Ultimately, everyone should walk at least 30 minutes on National Walk to Work Day, which could encourage Americans to take on the challenge of adding a 30-minute walk to their daily lives.
What Are the Health Benefits of Walking to Work?
Taking at least 30 minutes out of your day to walk, which for most can easily be accomplished by walking to work, significantly improves your health. According to the Mayo Clinic, walking offers a number of important health benefits:
- Lower low-density lipoprotein (LDL) cholesterol
- Raise high-density lipoprotein (HDL) cholesterol
- Lower blood pressure
- Reduce risk of (and manage) Type 2 diabetes
- Manage weight
Overall, the simple task of walking, whether doing so outdoors or on a treadmill, contributes to a longer and healthier life, not to mention that it provides emotional and mental benefits — but the best part is that it doesn’t cost a thing.
How You’re Saving Money on Walk to Work Day
So you’re probably wondering how this year’s Walk to Work Day can actually save you money. Here are a couple of ways you may or may not have thought of:
Save on Transportation Costs
If you are successfully able to walk to work, you can save on rising gas prices, which is always a bonus. And even if you take public transportation, you can save a few bucks while improving your health.

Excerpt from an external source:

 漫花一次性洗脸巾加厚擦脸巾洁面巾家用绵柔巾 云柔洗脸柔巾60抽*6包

Now, suppose you decide to stretch that walk out to one week. If you drive a mid-size car with a 16-gallon gas tank and fill up once per week, according to the average gas price of $3.64 per gallon provided by GasBuddy.com, you could save nearly $60 per week — or $240 per month — by walking.

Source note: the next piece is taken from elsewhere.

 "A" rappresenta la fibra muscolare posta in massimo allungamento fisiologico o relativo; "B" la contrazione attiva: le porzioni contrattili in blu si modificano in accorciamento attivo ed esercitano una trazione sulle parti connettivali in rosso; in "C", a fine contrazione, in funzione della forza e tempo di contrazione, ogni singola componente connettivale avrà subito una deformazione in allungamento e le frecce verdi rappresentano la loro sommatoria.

And if you catch public transportation in your city, you may pay anywhere from $25 to $35 per week to get to and from work. By walking, you’re saving $100 to $140 per month and that money could then be placed into your savings account where it can grow interest.
Save on Health Costs
Another great perk of walking to work is reducing your long-term health costs. As noted previously, the health benefits of walking to work are tremendous, but if you simply live too far to walk to work, you should still take time during the day to get your 30 minutes of walking in.
Why? Because your improved health will mean fewer visits to the doctor’s office and emergency room. And, of course, you benefit from fewer out-of-pocket expenses for medication and at-home medical supplies.
A 2012 report released by the Trust for America’s Health and the Robert Wood Johnson Foundation revealed that half of U.S. Adults will be obese by 2030 unless they change their ways. Taking a walk every day and making healthy diet changes are great ways to ensure you don’t become a statistic in the next 17 years.